Upton, George P. 1880. Woman in Music. Boston: J.R. Osgood.


Notes

  1. Smyth (1933, 4). While outlining the broader social conditions that have traditionally inhibited women’s work as composers, Smyth writes, “Imagine then our feelings when people whip out their binoculars, sweep the landscape, and announce that so far, strange to say, no advancing army of eminent women composers is to be descried on the horizon” (12). Christopher Wiley discusses the surprising contradictions found in Smyth’s Female Pipings in Eden, noting that in the book Smyth “chose to ignore the many women composers [his emphasis] with whom she was contemporary” (2004, 407).
  2. According to data compiled by Parsons and Ravenscroft, from 1994 to 2013 only 23 of 1,524 published articles (1.51%) in eight leading theory and analysis journals concentrated on music by a woman composer (3). Since 1994, only 34 of 1,372 (2.47%) SMT conference presentations focused on compositions by women (4). Parsons and Ravenscroft note that 18 of these 34 conference papers occurred in special sessions organized by the SMT’s Committee on the Status of Women (4).

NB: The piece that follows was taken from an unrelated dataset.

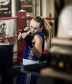 Monika Schwarz (* 27. April 1989 in Memmingen) ist Deutsche Meisterin, zweifache Deutsche Vizemeisterin, zweifache Deutsche Hochschulmeisterin und mehrfache Hessenmeisterin im olympischen Boxen.[1][2][3] Hauptberuflich ist Monika Schwarz Sprachtherapeutin mit eigener logopädischen Praxis in Wiesbaden[4]. Sie begann mit dem Boxsport erst im Erwachsenenalter und erkämpfte sich schnell mehrere Landes- und Bundestitel. Monika Schwarz boxt in der Rechtsauslage[5] und wechselt variabel zwischen Konter- und Angriffsboxen. Sie gilt als äußerst willens- und kampfstark. Seit mehreren Jahren boxt sie für den Boxverein in Mainz-Kostheim.[6][7]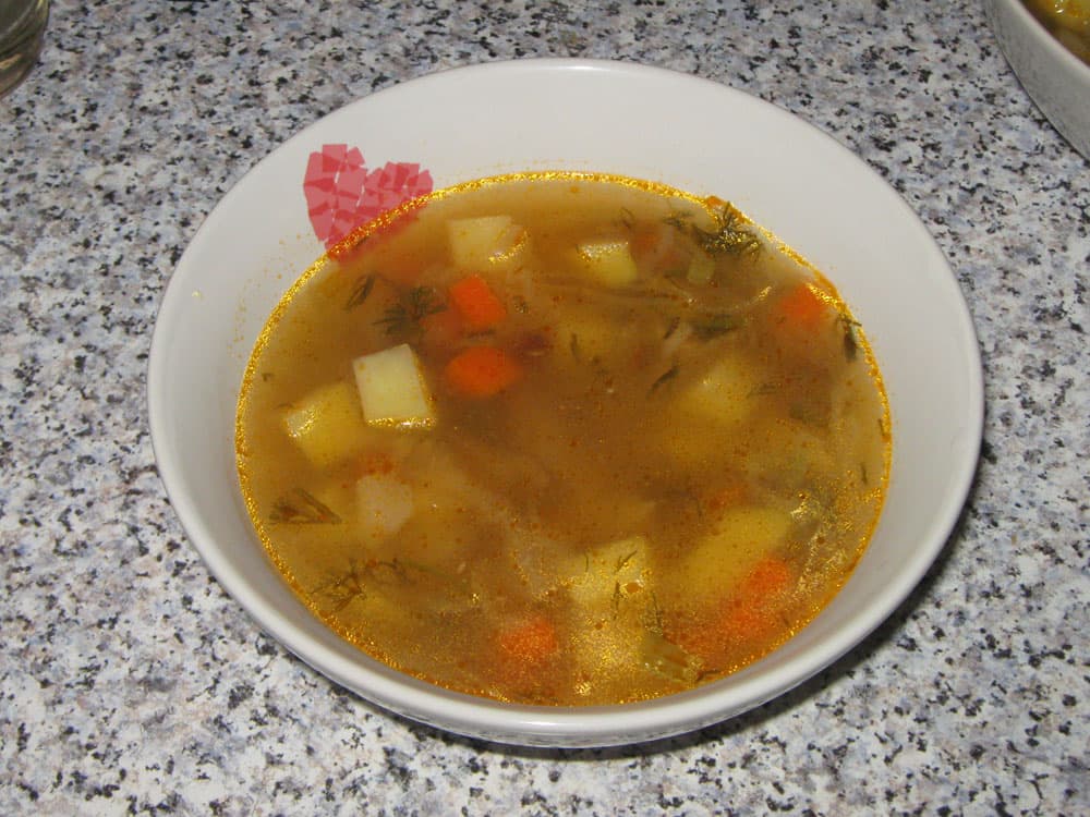 Тушеные овощи добавляем к картошке в бульон и варим до готовности моркови.

  3. These hexatonic systems are discussed in Cohn (1996).
  4. The editors emphasize that they hope the volume will be helpful for performers multiple times in their introduction (5, 9). I will return to this point in more detail in the next section of this review.
  5. Some of the content in this essay previously appeared in Rao (2007).
  6. For example, Roig-Francoli’s Anthology of Post-Tonal Music (2008) includes 41 pieces, but only three written by women composers (Ruth Crawford Seeger, Augusta Read Thomas, and Saariaho).
  7. For example, at the time of writing this review, the IMSLP page for Fanny (Mendelssohn) Hensel listed only 17 of her more than 450 compositions.
  8. For an excellent introduction to these issues, see the essays by Upton, Clarke, Meadows-White, Fay, Daniels, Smyth, and Seashore in Neuls-Bates (1996, 206–227 and 278–302), as well as Smyth (1933,7–35).
  9. In addition, it is not always clear why some examples appear in landscape format. For example, Example 4.13 (89), a short reduction of a chain of perfect and augmented fourths, contains only eight notes and minimal annotations, yet is oriented sideways and takes up an entire page.
  10. To give one particularly troublesome example: in chapter 3, the text on p. 49 refers to Example 3.17, which doesn’t appear until seven pages later (p. 56). After skipping ahead to view that example, the reader must then flip further ahead to p. 64 to read footnote 17, and then turn backward to p. 52 (which isn’t numbered!) to refer to the example (3.13) that is cited for comparison in the footnote, all before returning to the text on p. 49 to continue reading.
  11. As Angela Y. Davis wrote in 1995, “Many young people today would never openly associate themselves with the label ‘feminist,’ even though they live and understand their lives in ways others would not hesitate to call feminist” (282). For a good introduction to this issue, see hooks (2000) and Walker (1995).
  12. Sometime these footnotes provide misleading information about the feminist scholarship listed. For example, in fn. 16, p. 175, “double-voicedness” is incorrectly attributed to Elaine Showalter (1981). The idea first appeared in Lanser and Beck (1979, 86).
  13. Important work by Brett, Citron, Cusick, Kielian-Gilbert, Maus, McClary, Solie, Tick, Wood, and many others helped to bring issues of gender and sexuality into music scholarship.